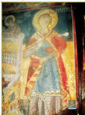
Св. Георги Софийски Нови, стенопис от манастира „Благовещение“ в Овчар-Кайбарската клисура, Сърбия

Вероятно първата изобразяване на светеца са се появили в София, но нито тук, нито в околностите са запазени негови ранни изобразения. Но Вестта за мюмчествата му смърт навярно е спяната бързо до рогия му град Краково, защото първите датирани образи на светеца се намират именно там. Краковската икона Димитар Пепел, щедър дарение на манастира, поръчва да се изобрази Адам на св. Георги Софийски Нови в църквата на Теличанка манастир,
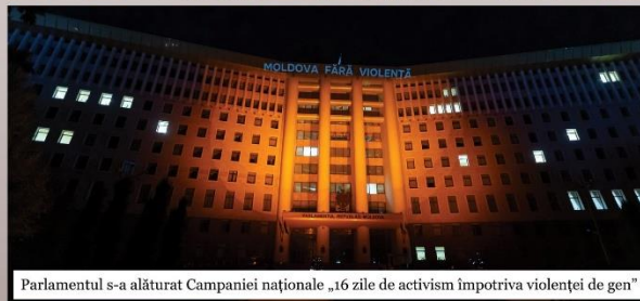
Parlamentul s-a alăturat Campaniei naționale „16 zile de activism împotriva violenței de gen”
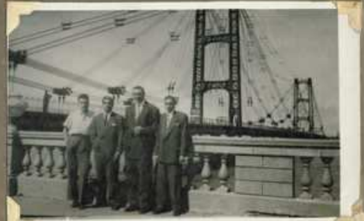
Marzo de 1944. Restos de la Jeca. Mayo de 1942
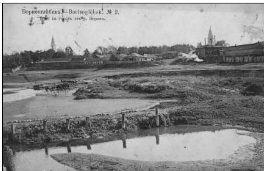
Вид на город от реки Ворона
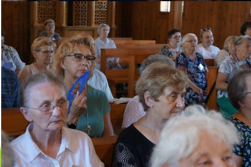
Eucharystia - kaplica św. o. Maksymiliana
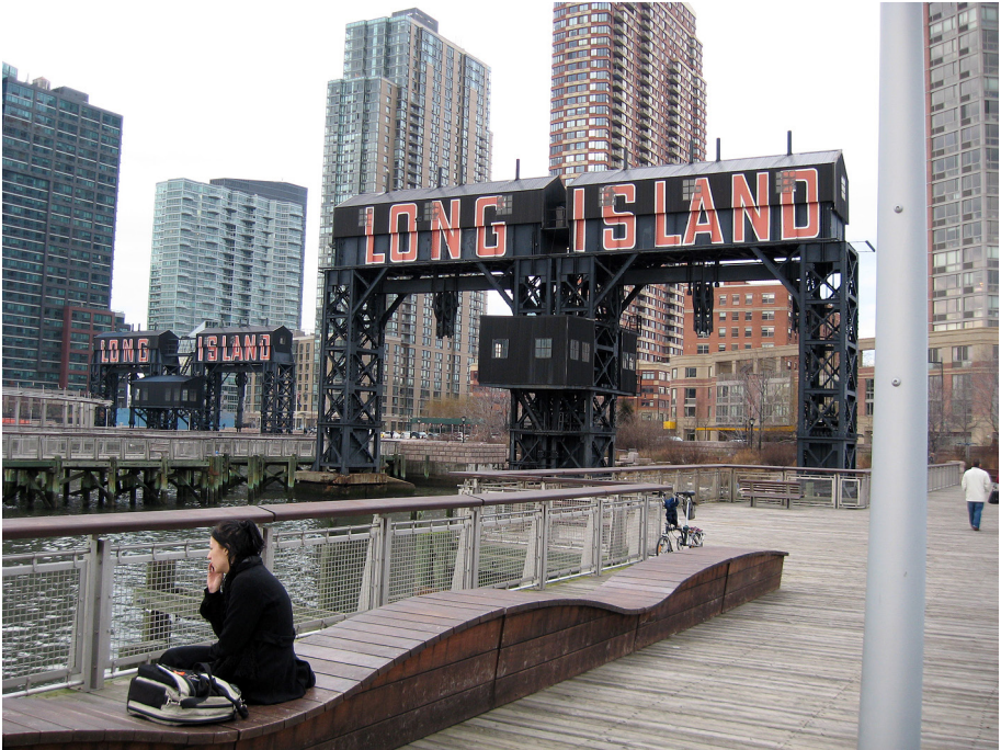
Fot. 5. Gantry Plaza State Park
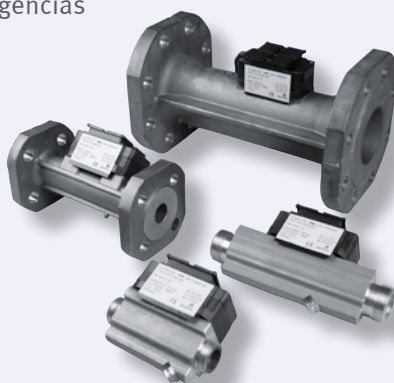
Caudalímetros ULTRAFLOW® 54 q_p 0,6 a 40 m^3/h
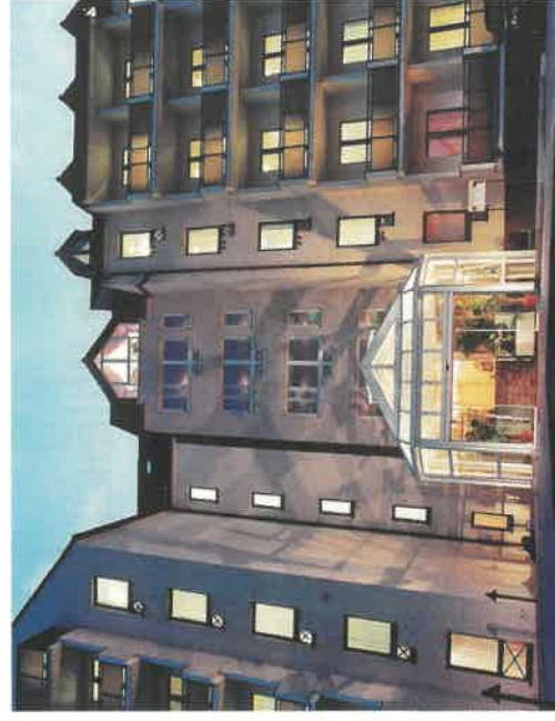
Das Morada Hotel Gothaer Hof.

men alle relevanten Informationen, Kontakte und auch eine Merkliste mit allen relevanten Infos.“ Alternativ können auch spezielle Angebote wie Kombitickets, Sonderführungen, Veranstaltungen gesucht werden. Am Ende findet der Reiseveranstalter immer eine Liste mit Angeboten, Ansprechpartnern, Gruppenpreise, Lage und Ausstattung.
* * *
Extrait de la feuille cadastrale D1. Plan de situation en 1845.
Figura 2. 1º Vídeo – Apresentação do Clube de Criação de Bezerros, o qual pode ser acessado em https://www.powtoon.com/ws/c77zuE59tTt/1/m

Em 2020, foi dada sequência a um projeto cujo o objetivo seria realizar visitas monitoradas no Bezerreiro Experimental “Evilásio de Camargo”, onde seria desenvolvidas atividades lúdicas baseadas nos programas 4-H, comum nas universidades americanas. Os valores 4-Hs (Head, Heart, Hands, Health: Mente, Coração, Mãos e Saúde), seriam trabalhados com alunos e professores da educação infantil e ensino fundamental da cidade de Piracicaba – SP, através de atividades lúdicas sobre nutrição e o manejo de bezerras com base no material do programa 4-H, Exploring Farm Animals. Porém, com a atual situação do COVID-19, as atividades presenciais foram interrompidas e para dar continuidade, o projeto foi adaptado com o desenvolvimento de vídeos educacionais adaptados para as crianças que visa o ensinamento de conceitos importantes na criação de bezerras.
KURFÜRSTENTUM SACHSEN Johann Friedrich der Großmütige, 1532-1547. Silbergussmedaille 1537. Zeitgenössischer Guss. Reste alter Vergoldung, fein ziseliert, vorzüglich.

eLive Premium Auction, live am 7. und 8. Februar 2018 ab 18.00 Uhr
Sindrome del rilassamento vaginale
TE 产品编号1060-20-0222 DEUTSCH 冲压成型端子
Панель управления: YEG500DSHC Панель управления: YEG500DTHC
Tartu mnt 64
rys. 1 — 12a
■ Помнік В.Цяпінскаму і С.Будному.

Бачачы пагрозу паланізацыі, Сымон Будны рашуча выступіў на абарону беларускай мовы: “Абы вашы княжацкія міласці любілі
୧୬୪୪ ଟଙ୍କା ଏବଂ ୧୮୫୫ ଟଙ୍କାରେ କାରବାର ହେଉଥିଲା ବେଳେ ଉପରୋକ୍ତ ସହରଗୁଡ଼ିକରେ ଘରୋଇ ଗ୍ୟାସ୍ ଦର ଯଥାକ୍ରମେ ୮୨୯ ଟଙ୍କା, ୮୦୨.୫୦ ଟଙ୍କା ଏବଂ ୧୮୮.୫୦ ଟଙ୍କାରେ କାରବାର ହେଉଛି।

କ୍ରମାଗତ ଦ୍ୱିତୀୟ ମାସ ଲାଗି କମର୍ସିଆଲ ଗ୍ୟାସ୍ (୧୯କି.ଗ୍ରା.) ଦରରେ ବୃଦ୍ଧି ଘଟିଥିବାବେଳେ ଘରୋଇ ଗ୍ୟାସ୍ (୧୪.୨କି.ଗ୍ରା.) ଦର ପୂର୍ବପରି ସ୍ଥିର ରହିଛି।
* * *
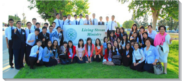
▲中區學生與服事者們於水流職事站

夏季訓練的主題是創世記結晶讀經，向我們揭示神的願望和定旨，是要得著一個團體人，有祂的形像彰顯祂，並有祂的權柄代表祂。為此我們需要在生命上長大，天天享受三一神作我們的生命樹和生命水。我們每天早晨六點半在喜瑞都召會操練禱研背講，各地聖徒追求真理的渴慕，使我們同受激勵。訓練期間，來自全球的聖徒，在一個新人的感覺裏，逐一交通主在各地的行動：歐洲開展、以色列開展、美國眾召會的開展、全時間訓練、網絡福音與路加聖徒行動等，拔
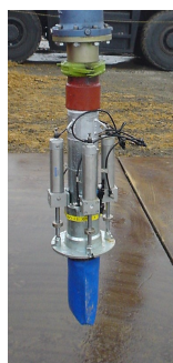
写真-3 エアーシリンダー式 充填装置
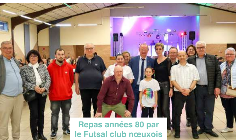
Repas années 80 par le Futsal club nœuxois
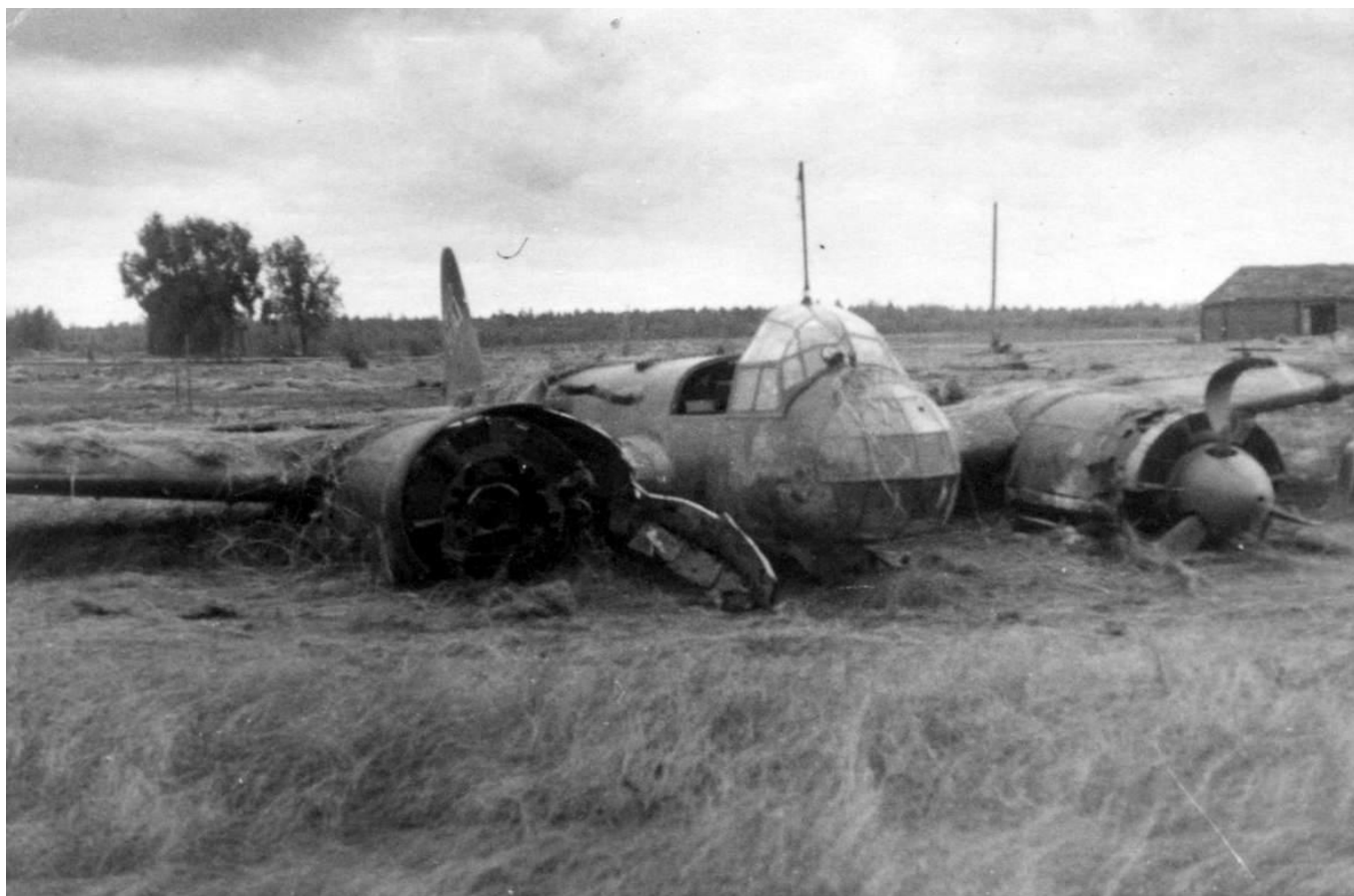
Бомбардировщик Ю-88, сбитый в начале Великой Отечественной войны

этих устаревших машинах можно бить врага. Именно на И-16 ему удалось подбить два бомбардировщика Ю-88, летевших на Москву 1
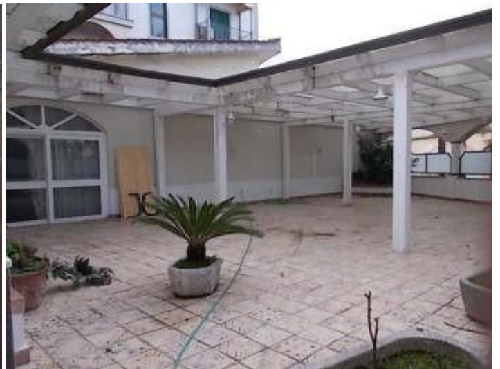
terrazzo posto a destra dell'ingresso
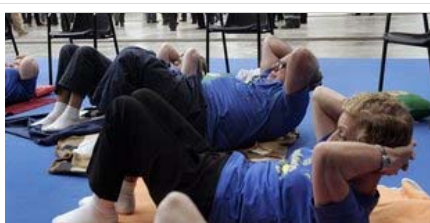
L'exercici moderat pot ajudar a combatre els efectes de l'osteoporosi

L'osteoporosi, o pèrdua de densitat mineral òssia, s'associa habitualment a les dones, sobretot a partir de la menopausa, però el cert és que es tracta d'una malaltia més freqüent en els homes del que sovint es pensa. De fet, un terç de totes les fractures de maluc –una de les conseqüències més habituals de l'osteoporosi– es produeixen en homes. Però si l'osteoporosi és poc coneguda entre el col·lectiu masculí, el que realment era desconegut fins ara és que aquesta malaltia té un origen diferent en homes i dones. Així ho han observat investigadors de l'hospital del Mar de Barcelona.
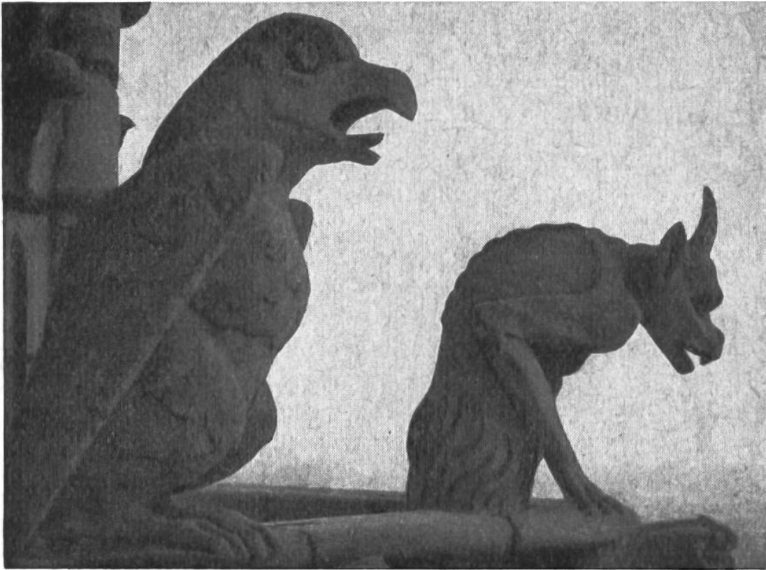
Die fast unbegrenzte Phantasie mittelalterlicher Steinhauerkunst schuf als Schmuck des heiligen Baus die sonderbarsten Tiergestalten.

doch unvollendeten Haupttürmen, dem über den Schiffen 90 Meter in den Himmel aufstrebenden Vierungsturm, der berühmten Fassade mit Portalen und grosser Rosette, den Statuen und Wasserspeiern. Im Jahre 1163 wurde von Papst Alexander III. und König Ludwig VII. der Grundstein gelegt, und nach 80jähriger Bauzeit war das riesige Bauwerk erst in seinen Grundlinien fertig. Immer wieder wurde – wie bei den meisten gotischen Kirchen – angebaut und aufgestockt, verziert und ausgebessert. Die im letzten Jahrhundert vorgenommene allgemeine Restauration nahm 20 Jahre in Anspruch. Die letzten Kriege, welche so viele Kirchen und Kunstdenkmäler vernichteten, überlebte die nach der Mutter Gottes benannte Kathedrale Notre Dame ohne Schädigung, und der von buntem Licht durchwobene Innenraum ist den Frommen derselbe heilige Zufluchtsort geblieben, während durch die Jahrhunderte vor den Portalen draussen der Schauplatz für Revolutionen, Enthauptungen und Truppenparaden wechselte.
* * *
Bring together every line in the entries that holds the string "Нови".

Св. Георги Софийски Нови, стенопис от манастира „Благовещение“ в Овчар-Кайбарската клисура, Сърбия
Вероятно първата изобразяване на светеца са се появили в София, но нито тук, нито в околностите са запазени негови ранни изобразения. Но Вестта за мюмчествата му смърт навярно е спяната бързо до рогия му град Краково, защото първите датирани образи на светеца се намират именно там. Краковската икона Димитар Пепел, щедър дарение на манастира, поръчва да се изобрази Адам на св. Георги Софийски Нови в църквата на Теличанка манастир,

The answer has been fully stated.